The Third Force was recognized by the Paris Peace Agreement as a vehicle for political compromise but harshly rejected by the South Vietnamese government--making inevitable a military conclusion of the war and massive numbers of panicked refugees.
Dr. Sophie Quinn-Judge will discuss the early formation of proto-Third Force groups in the First Republic of Vietnam and the inter-republic years.
Dr. An Thuy Nguyen will give an overview of the Third Force opposition in the Second Republic between the 1968 Tết Offensive and the 1973 Paris Peace Accords.

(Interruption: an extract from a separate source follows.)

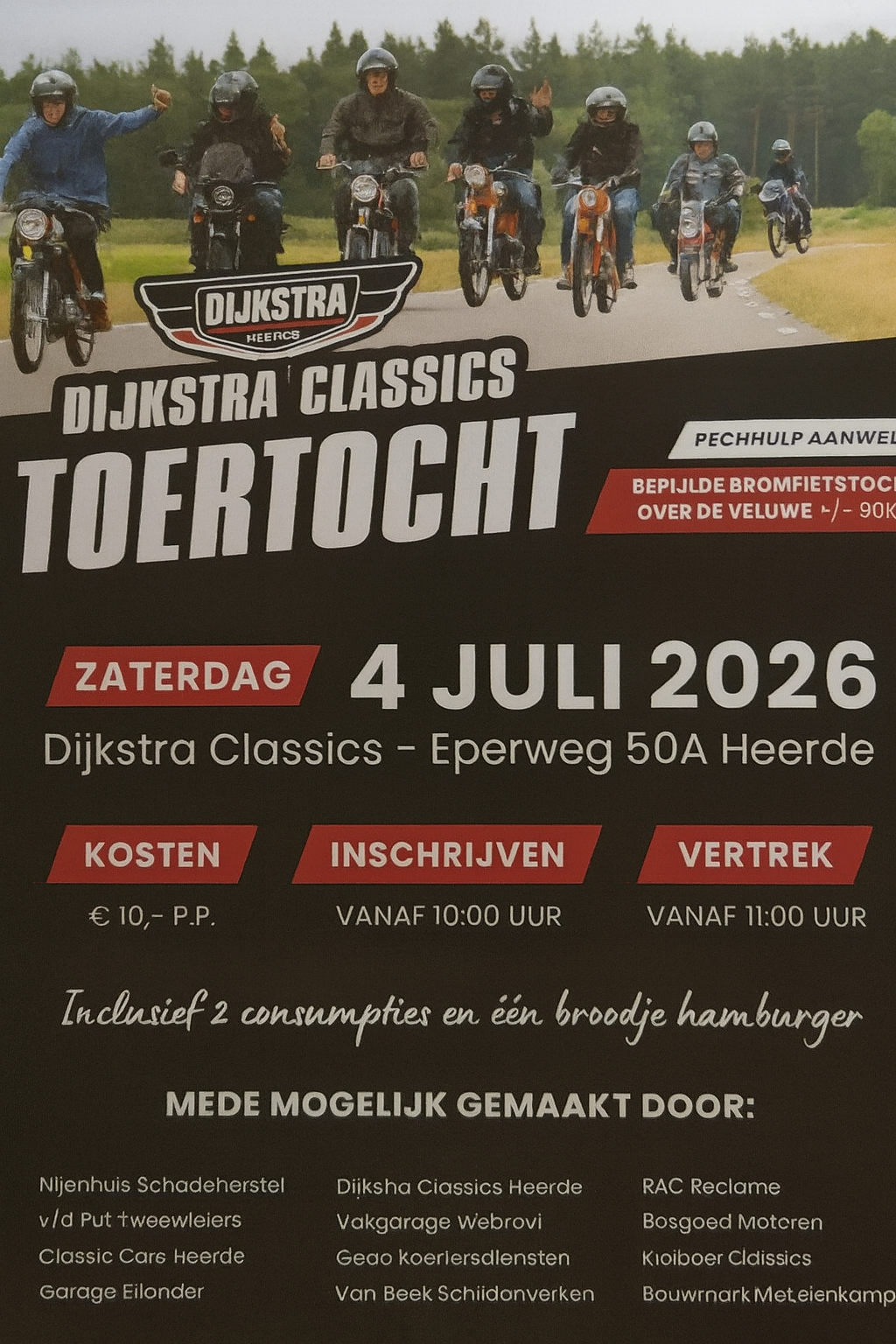 • 10:00 – 11:00 Start rondrit voor de bromfietsen.

Dr. Thi Lien Claire Tran will offer a closer look at the progressive Catholics who constituted one of the most important and active blocs within the Third Force, especially in the last years of the war.
SPEAKERS
An Thuy Nguyen
An Thuy Nguyen is a historian of U.S. foreign relations, Vietnam, women, and labor. She currently teaches at The University of Maine’s Bureau of Labor of Education. She was the Society for Historians of American Foreign Relations’ Marilyn B. Young Dissertation Fellow in 2020-2021 and received her Ph.D. from UMaine. Her historical research focuses on foreign policies, democratic governance, and the political activism of non-state actors. She has authored various book reviews, book chapters, and articles on the Vietnam War. She is currently working on a book about the Vietnamese Third Force’s and the Nixon Doctrine in Asia, in addition to her other projects in labor education and history.
SOPHIE QUINN-JUDGE
Sophie Quinn-Judge is the author of Ho Chi Minh: The Missing Years, Christopher Hurst and University of California Press, 2003; and The Third Force in the Vietnam War: The Elusive Search for Peace 1954-75, I.B. Tauris, 2016. Until 2015 she was an Associate Professor of History at Temple University. She obtained her Ph.D. from the University of London (SOAS) after working for the American Friends Service Committee and as a freelance journalist in Moscow. She first went to Vietnam in 1973 as a volunteer for the AFSC.
THI LIEN CLAIRE TRAN
Thi Lien Claire Tran is Associate Professor at Paris Cité University where she teaches History of Southeast Asia and serves as a member of the research unit Cessma (Centre for Social Sciences Studies on the African, American and Asian Worlds). She is responsible for the Master 1 History of Civilizations and Heritage and chairs the M1 Admissions Committee. She is also on the board of the Paris Graduate School of Arts, History and Humanities in Global Perspective (GSAH). From 2016 to 2021, she was Director of IRASEC (the Institute for Research on Contemporary Southeast Asia) in Bangkok, Thailand.